Assume that \(a\) or \(b\) is even -- say it is \(a\) (the case where \(b\) is even will be identical). That is, \(a=2k\) for some integer \(k\text{.}\) Then
\begin{align*}
ab \amp =(2k)b\\
\amp =2(kb)\text{.}
\end{align*}
Thus \(ab\) is even.
3.
Suppose that \(ab\) is even but \(a\) and \(b\) are both odd.
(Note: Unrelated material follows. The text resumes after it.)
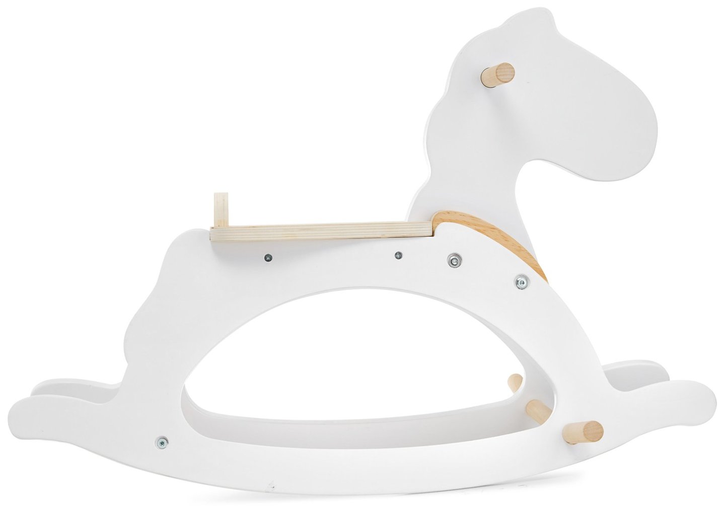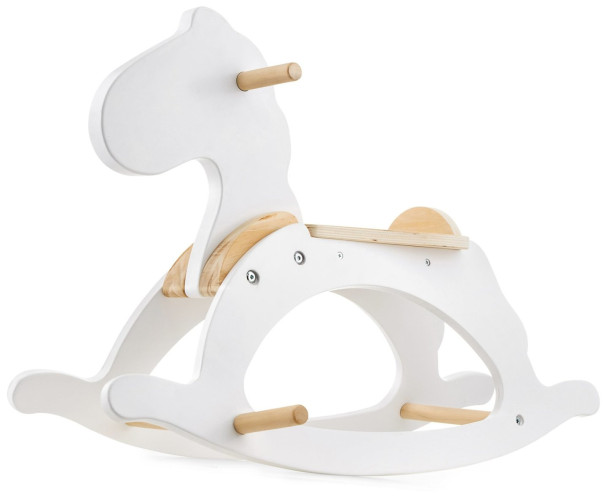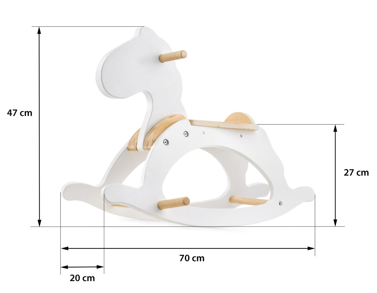Коник-гойдалка Mamabrum - є зіркою серед іграшок і мрією кожної дитини. Класика, яка через роки стає символом дитинства та безтурботних ігор. Наша версія цієї культової іграшки характеризується мінімалістичним дизайном. Універсальне поєднання білого кольору з природним відтінком світлого дерева гарантує ідеальне поєднання з будь-яким типом інтер'єру.Коник безпечний і не перекидається. Сидіння міцне та зручне, з невеликою підтримкою спинки, щоб дитина не могла несподівано зісковзнути з іграшки під час гойдання. Спереду встановлені дерев'яні підставки для ніг, які допомагають легко розгойдувати іграшку і роблять поїздку більш приємною. По обидва боки голови конячки встановлені круглі ручки.Пам'ятайте, що гойдання - це не тільки розвага, але й важлива частина підтримки моторного розвитку дитини, яка таким чином зміцнює м'язи, тренує координацію рухів і почуття рівноваги.

Namely, \(ab = 2n\text{,}\) \(a=2k+1\) and \(b=2j+1\) for some integers \(n\text{,}\) \(k\text{,}\) and \(j\text{.}\) Then
\begin{align*}
2n \amp =(2k+1)(2j+1)\\
2n \amp =4kj+2k+2j+1\\
n \amp = 2kj+k+j+\frac{1}{2}\text{.}
\end{align*}
But since \(2kj+k+j\) is an integer, this says that the integer \(n\) is equal to a non-integer, which is impossible.
4.
Let \(ab\) be an even number, say \(ab=2n\text{,}\) and \(a\) be an odd number, say \(a=2k+1\text{.}\)
\begin{align*}
ab \amp =(2k+1)b\\
2n \amp =2kb+b\\
2n-2kb\amp =b\\
2(n-kb)\amp =b\text{.}
\end{align*}
Therefore \(b\) must be even.